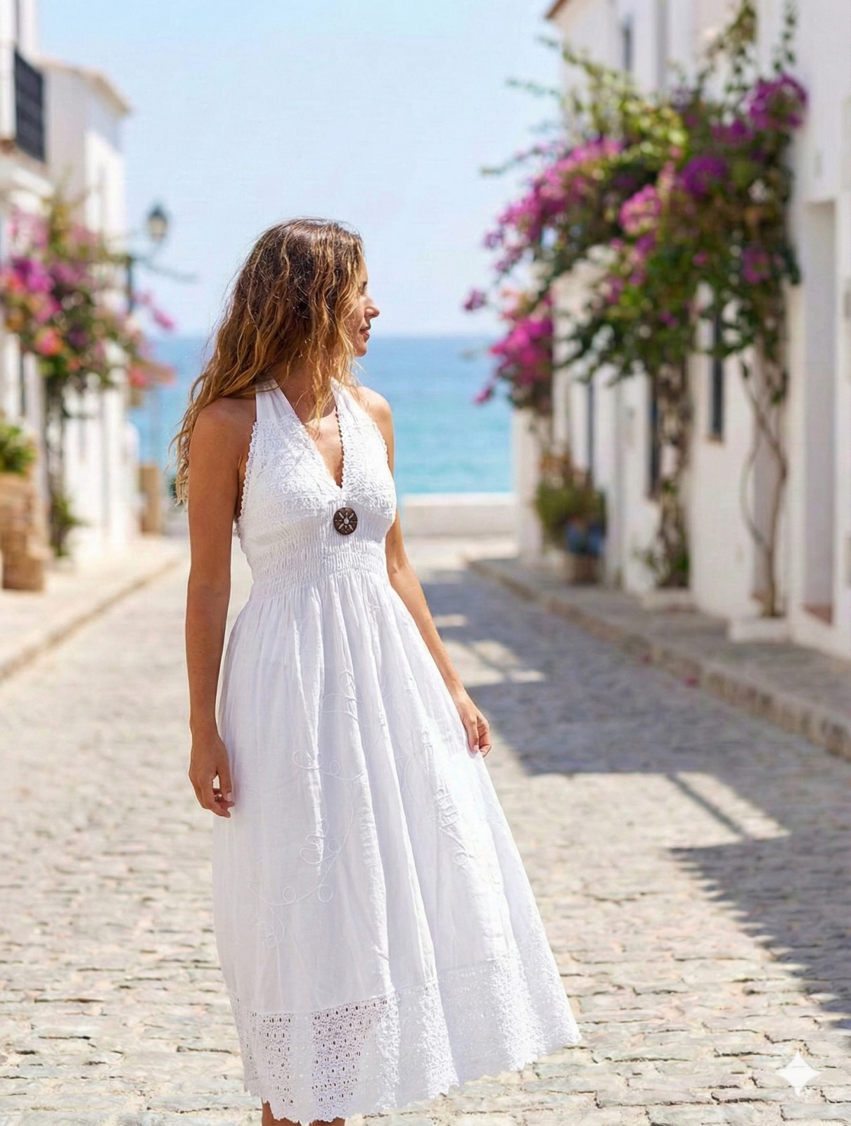 Deslumbra este verano con este romántico vestido midi en un suave tono coral, diseñado para combinar elegancia y comodidad en una sola pieza. Su favorecedor corpiño elástico en punto smock (nido de abeja) se ajusta perfectamente a tu silueta, realzado por botones decorativos y unas encantadoras mangas abullonadas que puedes lucir sobre los hombros, mientras que la falda ligera con sutiles bordados florales y un delicado remate de encaje en el bajo le da ese toque bohemio y fresco ideal para tus días de sol.
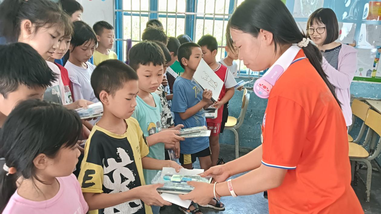 最后,志愿者团队向竹田小学的学生都捐赠了各种学习用品,鼓励孩子们要好好学习,努力成为报效祖国的栋梁之才。同时也让志愿者们更加深入了解了弘扬中华美育精神的重要性,积极发挥青年大学生的祖国建设生力军的作用,响应好国家美育工作的号召。(文/图 严萍 吴敏)
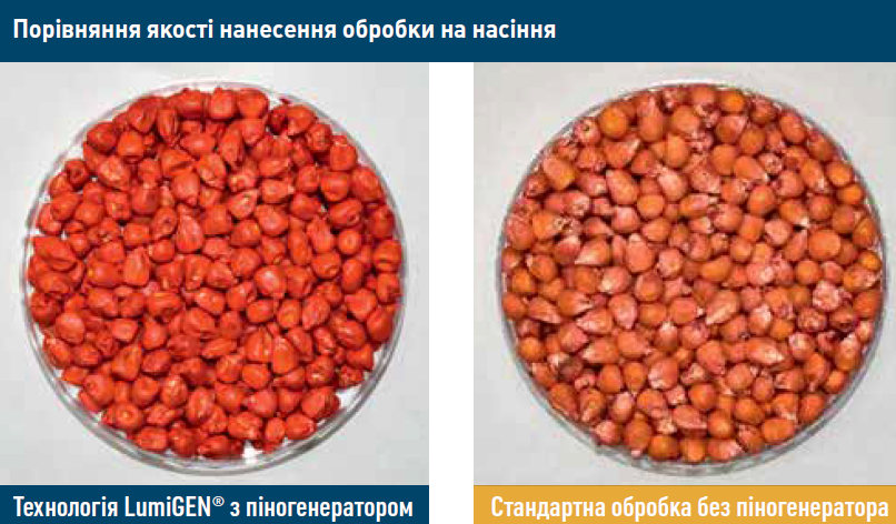 В Україні на виробничому комплексі Corteva у Полтавській області стоїть найсучасніший піногенератор, який забезпечує надійне покриття насіння. Ми перевіряли це в лабораторії: вся площа насінини належно покривається, всі частини захищені рівномірно. Це важливо, адже незафарбовані ділянки насіння контактуватимуть з ґрунтом, а це вільний шлях для патогенів.

-- -- --

# Problem to work on:
Repeat the listing exactly, minus its pictures.

# Solved problem:
 Deslumbra este verano con este romántico vestido midi en un suave tono coral, diseñado para combinar elegancia y comodidad en una sola pieza. Su favorecedor corpiño elástico en punto smock (nido de abeja) se ajusta perfectamente a tu silueta, realzado por botones decorativos y unas encantadoras mangas abullonadas que puedes lucir sobre los hombros, mientras que la falda ligera con sutiles bordados florales y un delicado remate de encaje en el bajo le da ese toque bohemio y fresco ideal para tus días de sol.
 最后,志愿者团队向竹田小学的学生都捐赠了各种学习用品,鼓励孩子们要好好学习,努力成为报效祖国的栋梁之才。同时也让志愿者们更加深入了解了弘扬中华美育精神的重要性,积极发挥青年大学生的祖国建设生力军的作用,响应好国家美育工作的号召。(文/图 严萍 吴敏)
 В Україні на виробничому комплексі Corteva у Полтавській області стоїть найсучасніший піногенератор, який забезпечує надійне покриття насіння. Ми перевіряли це в лабораторії: вся площа насінини належно покривається, всі частини захищені рівномірно. Це важливо, адже незафарбовані ділянки насіння контактуватимуть з ґрунтом, а це вільний шлях для патогенів.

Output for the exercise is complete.